All around, 2020 lessons learned are fueling improvements in this new year. Record-setting speed of medical innovation delivered multiple COVID-19 vaccines in less than a year. Schools that sat dormant for nine-months are better equipped to safely welcome students back for in-person learning. Fulfillment professionals also made great strides in 2020, driven by necessity, and many lessons can be applied in the year ahead to keep customers happy and operations on track.

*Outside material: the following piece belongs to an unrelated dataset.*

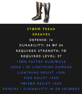Required Level: 37Defense: 14+30% Faster Run/WalkPoison Resist +26%Lightning Resist +32%Fire Resist +34%Adds DamageRepairs Durability

Whether shipping COVID-19 vaccines, test kits or ventilators; office supplies; clothing; or groceries, some shippers rode thorough preparedness to a competitive advantage in 2020. Others adjusted throughout the year to improve or struggled mightily to the end.
Fundamental shifts of e-commerce and consumer behavior took shape in 2020 and presented new and unprecedented challenges. Parcel shipping volume skyrocketed. Retailers, manufacturers and others welcomed new e-commerce customers, sold new types of products, and fulfilled more direct and online orders. These shifts led more fulfillment teams to identify and embrace emerging best practices as part of their 2021 planning. The savviest even used Q2 2020 to fine-tune or overhaul processes ahead of a peak season unlike any other. They prioritized e-commerce customer service and satisfaction. They studied the value of getting inventory closer to customers. They diversified fulfillment procedures to deconsolidate risk. Those with competitive advantages embraced them more than ever.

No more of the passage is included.